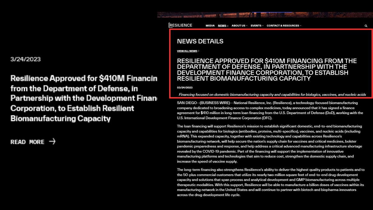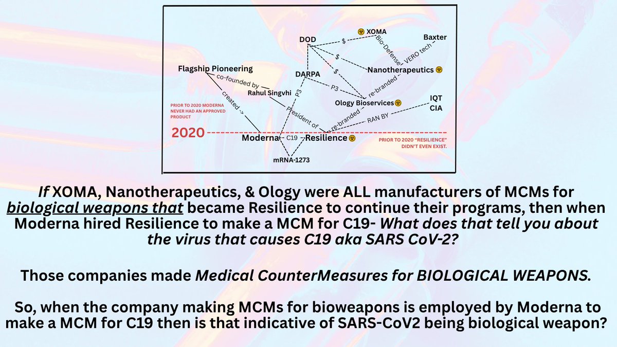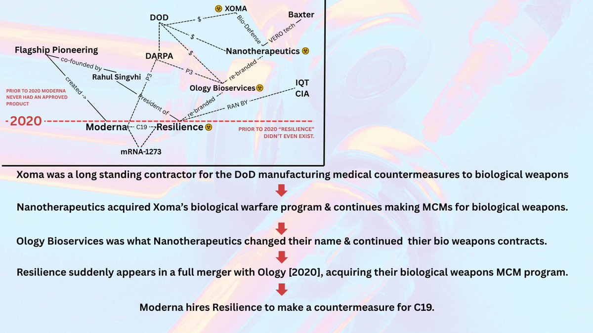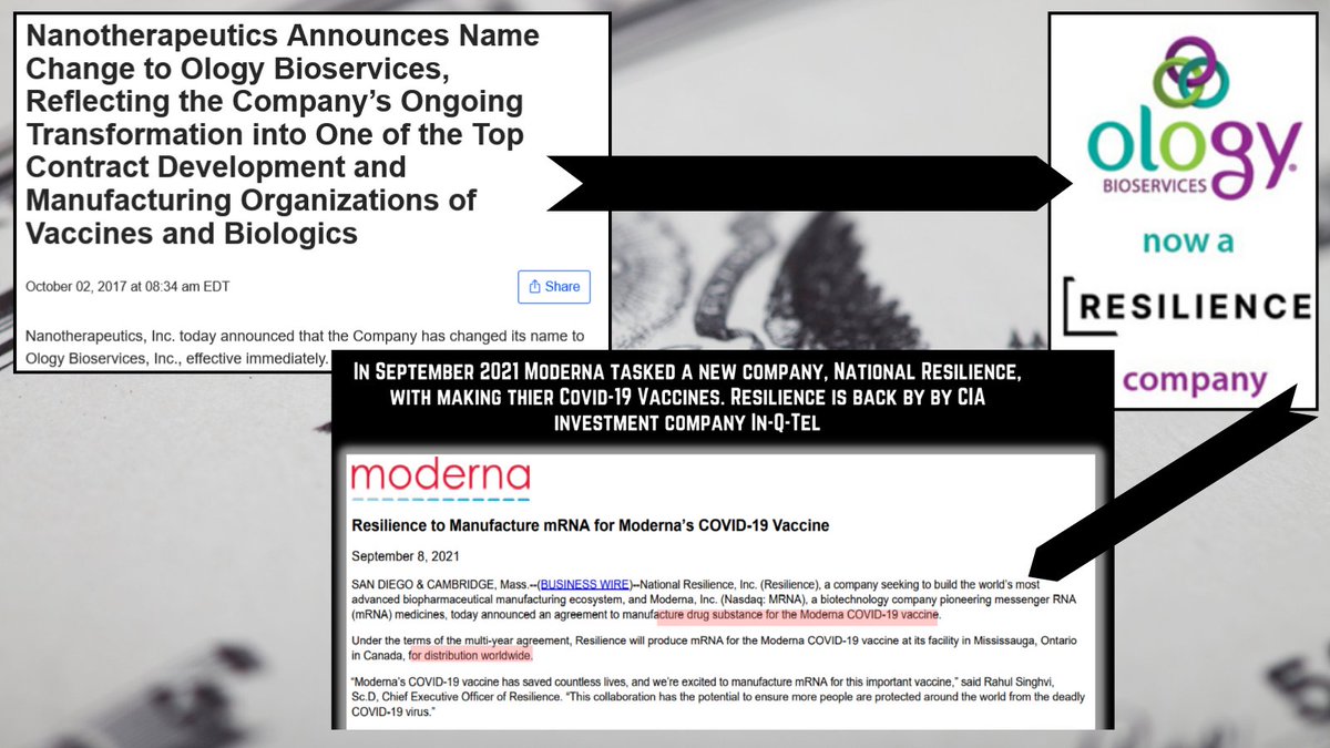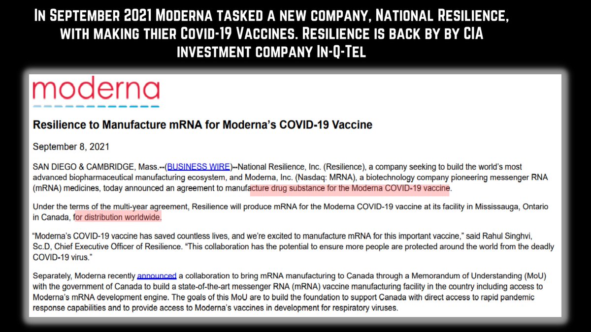 1/10 Back in fall of 2021, Moderna hired and tasked a supposedly new pharmaceutical manufacturing company called National Resilience (Resilience) to make ALL of their Covid-19 vaccines . Resilience is rife with conflict of interest esp. with the intelligence community.
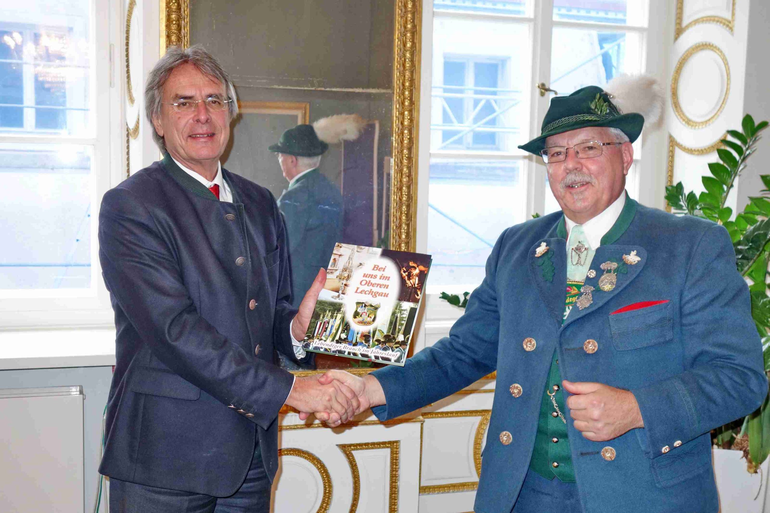 Trachtler-Landesvorsitzender Günter Frey (re.) bedankte sich beim Oberpfälzer Regierungspräsidenten Axel Bartelt mit dem Buch „Bei uns im Oberen Lechgau“.
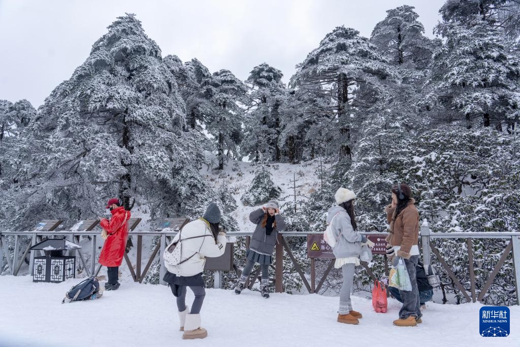 11月24日,游客在云南大理苍山景区雪景中拍照留念。
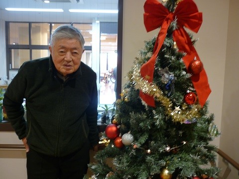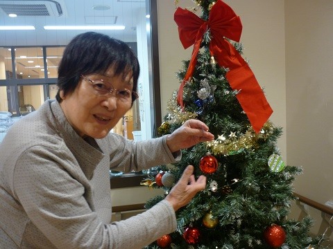 ご入居者さまのご協力で、今年も温かみのある『クリスマスツリー』が完成しました。これからも季節の行事を通じて、皆さまに笑顔と楽しみをお届けできるよう努めてまいります。
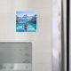 Magnet with an illustration of a man kayaking in the ocean by the snow topped mountains. Pretty serene blue tranquil water and pine trees surround him on a peaceful journey.
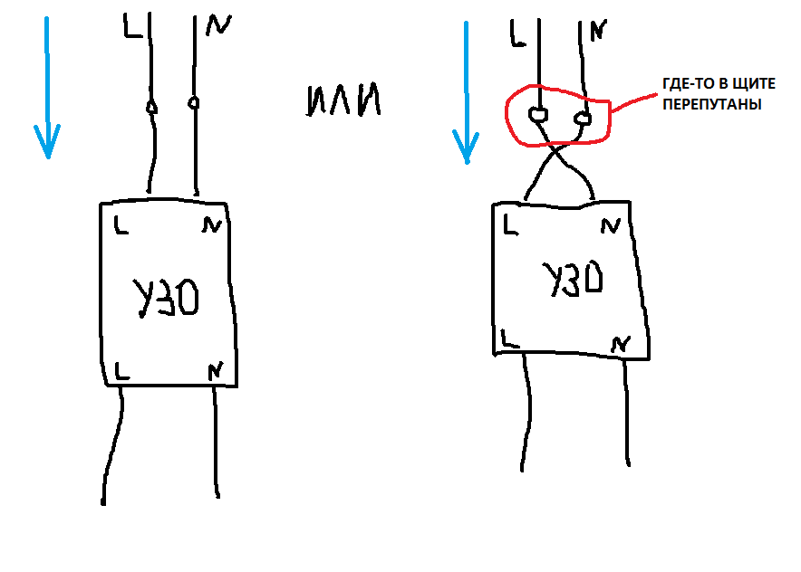 1. При смене полярности как на второй картинке УЗО сработало кнопкой Тест .
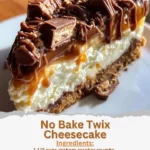 Indulging in a No Bake Twix Cheesecake is a delightful experience that will please your taste buds and simplify your dessert preparation. This creamy cheesecake, layered with chocolate, caramel, and crunchy Twix bars, requires no oven time, making it perfect for busy days or spontaneous gatherings. With its rich flavor and light texture, it’s a showstopper that can be customized to suit your preferences.
-.-.-
WHAT TO PRODUCE ▸ Images must not appear; print each record precisely as it reads.

ANSWER BELOW ▸
 1/10 Back in fall of 2021, Moderna hired and tasked a supposedly new pharmaceutical manufacturing company called National Resilience (Resilience) to make ALL of their Covid-19 vaccines . Resilience is rife with conflict of interest esp. with the intelligence community.
 Trachtler-Landesvorsitzender Günter Frey (re.) bedankte sich beim Oberpfälzer Regierungspräsidenten Axel Bartelt mit dem Buch „Bei uns im Oberen Lechgau“.
 11月24日,游客在云南大理苍山景区雪景中拍照留念。
 ご入居者さまのご協力で、今年も温かみのある『クリスマスツリー』が完成しました。これからも季節の行事を通じて、皆さまに笑顔と楽しみをお届けできるよう努めてまいります。
 Magnet with an illustration of a man kayaking in the ocean by the snow topped mountains. Pretty serene blue tranquil water and pine trees surround him on a peaceful journey.
 1. При смене полярности как на второй картинке УЗО сработало кнопкой Тест .
 Indulging in a No Bake Twix Cheesecake is a delightful experience that will please your taste buds and simplify your dessert preparation. This creamy cheesecake, layered with chocolate, caramel, and crunchy Twix bars, requires no oven time, making it perfect for busy days or spontaneous gatherings. With its rich flavor and light texture, it’s a showstopper that can be customized to suit your preferences.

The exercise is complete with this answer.